Prior Art (continued)
Reinforcement-from-feedback regimes, while powerful at steering training, do not produce a running structural record of the agent's deviations and corrections. Their effect is observable only as a change in the agent's parameter distribution; the per-trajectory deviation that drove a given correction is not reconstructable, and the agent's behavior under sustained pressure is not structurally distinguishable from its behavior under nominal conditions. The coherence control loop preserves the per-trajectory record and exposes the pressure-dependent behavioral shift as a structurally derivable consequence of intercept activation.

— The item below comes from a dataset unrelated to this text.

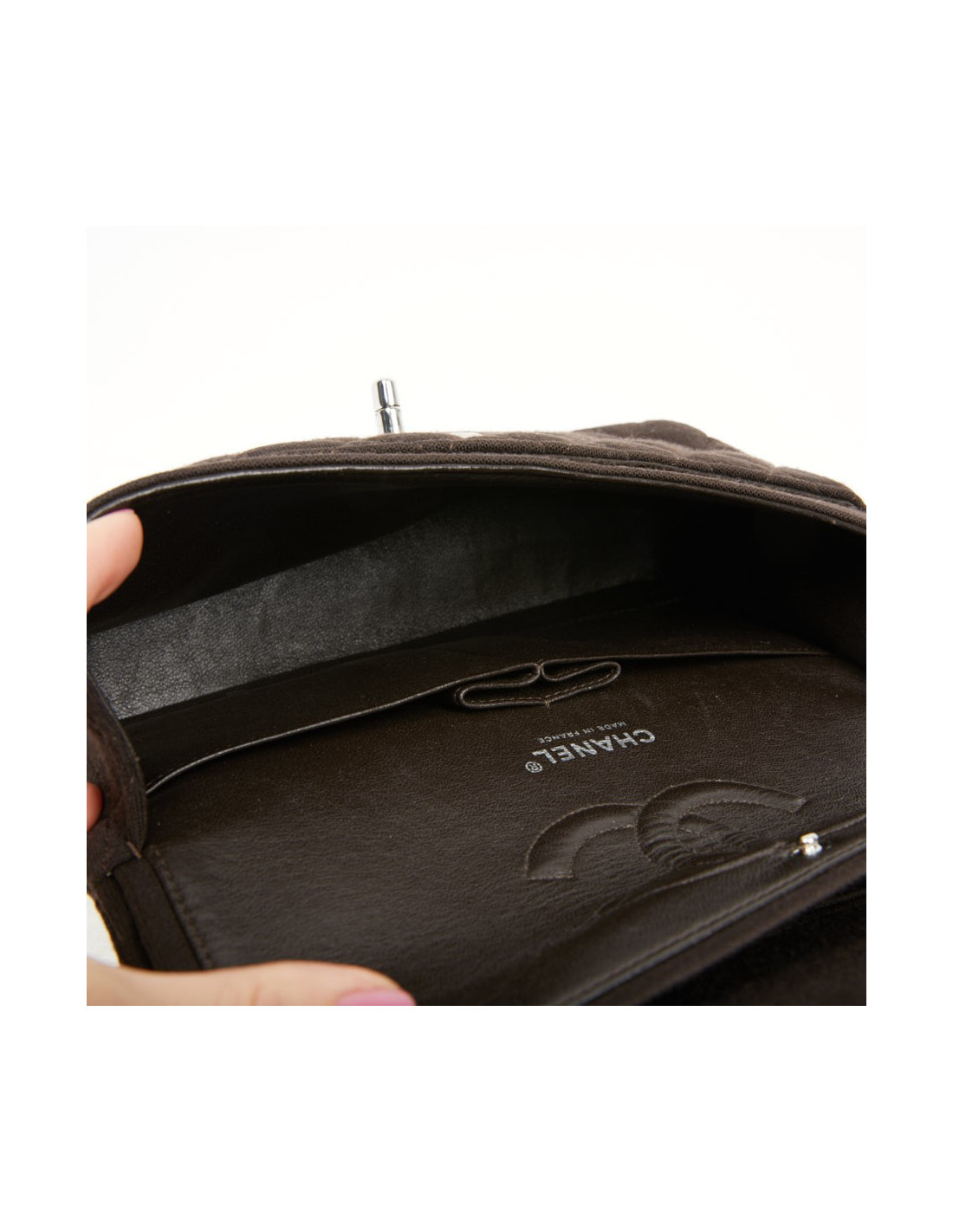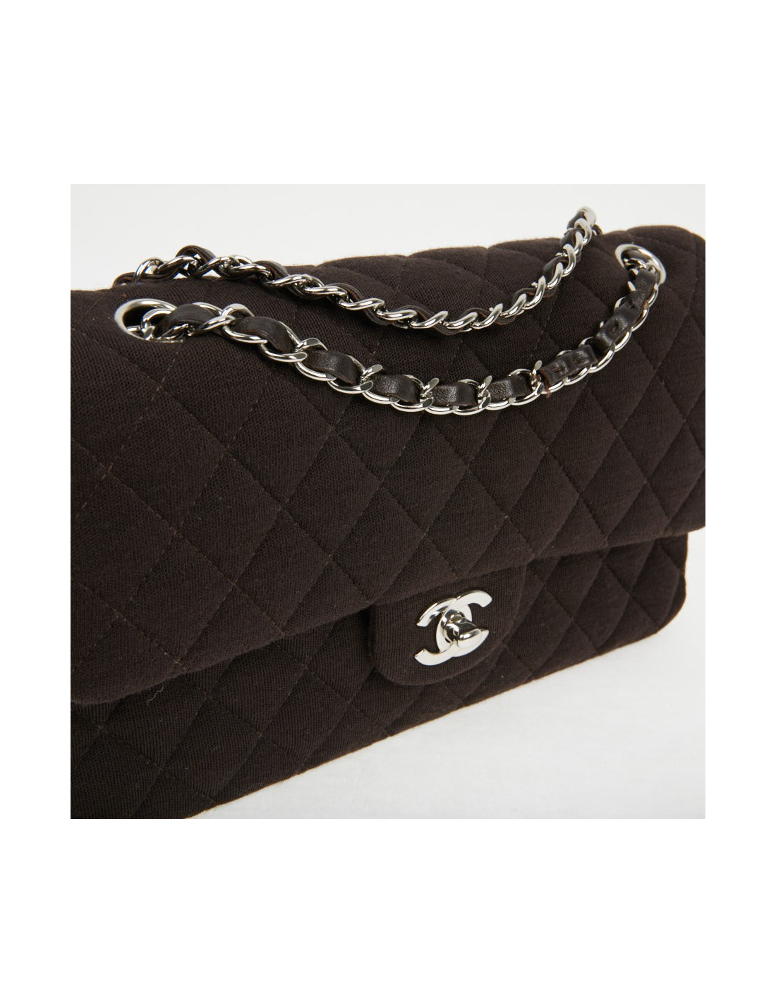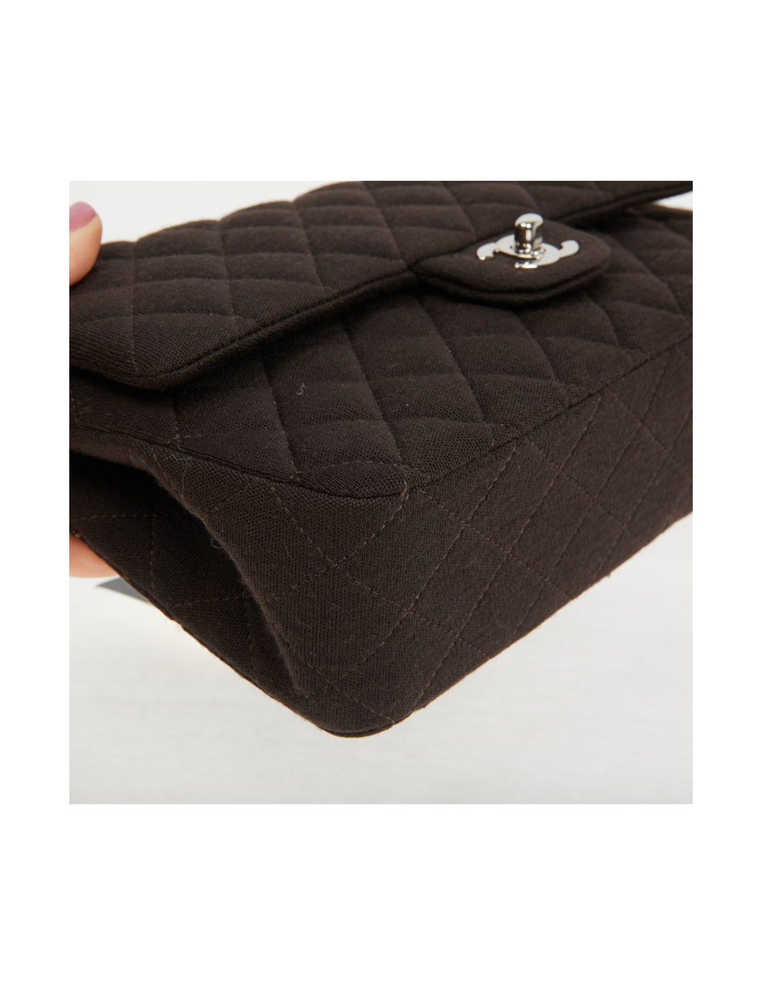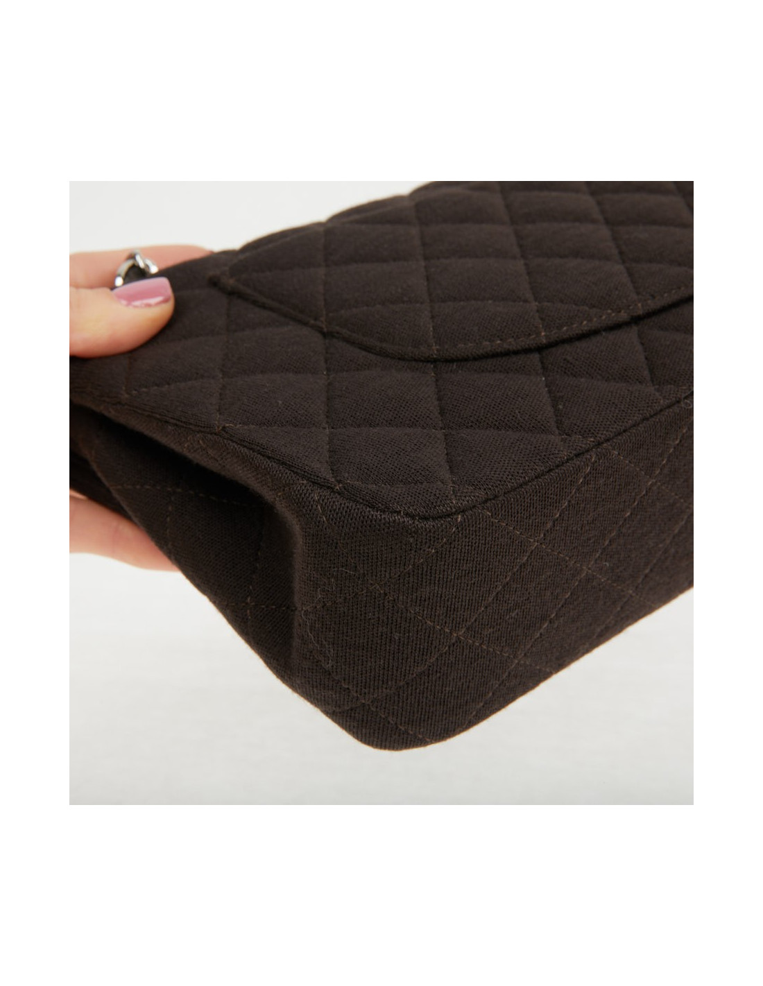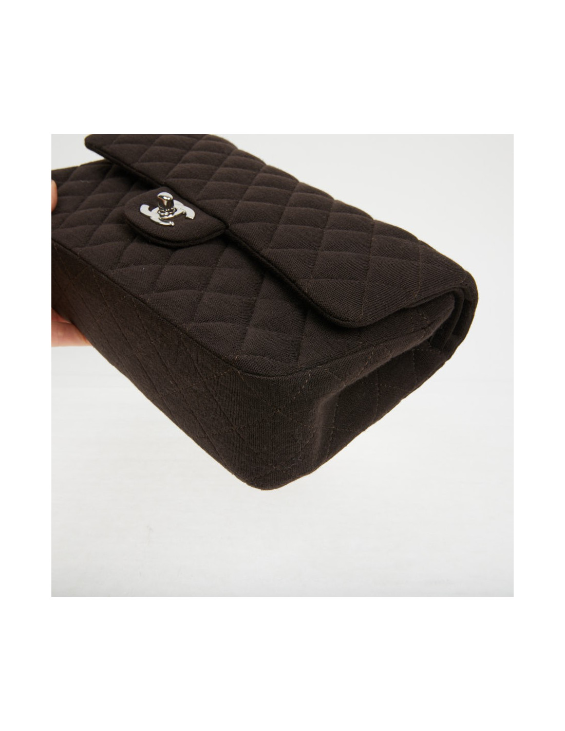 Un grand classique chez Chanel. Un sac à main à porter en toutes occasions en jersey marron. Il est très élégant. Il a un double rabat et l’intérieur est en cuir marron avec une poche a l’avant et 3 fentes.

Rule-based guard systems, in which a separate monitor watches the agent and intervenes when rules are violated, externalize the self-correction function and produce a record only of guard activations rather than of agent conduct. The agent in such systems carries no internal record of its own deviations; the monitor's record is an outside observer's account of the agent's behavior. The coherence control loop instead places the detect-record-restore cycle inside the agent itself, so that the integrity log is the agent's own structural conduct record rather than an external monitor's transcript, and so that the agent's coping style under pressure is an internal artifact reconstructable from internal records.
Disclosure Scope
The cognition disclosure covering the coherence control loop encompasses the bounded servo mechanism by which an agent's behavior is held within a human-relatable coherence envelope, including the three-phase detect-record-restore cycle, the deviation function and its declared composition, the integrity-log recording of deviations and corrections under the agent's signed identity, the bounded correction generated by the redemption engine, the structurally derivable coping intercepts at each phase of the cycle, and the alternative embodiments that vary in cycle continuity, norm multiplicity, and norm-revision policy. The scope encompasses any agent architecture in which behavioral self-correction is implemented as a structurally separable detect-correct-audit cycle whose deviation, correction, and intercept history is preserved as an inspectable artifact independent of any external observer.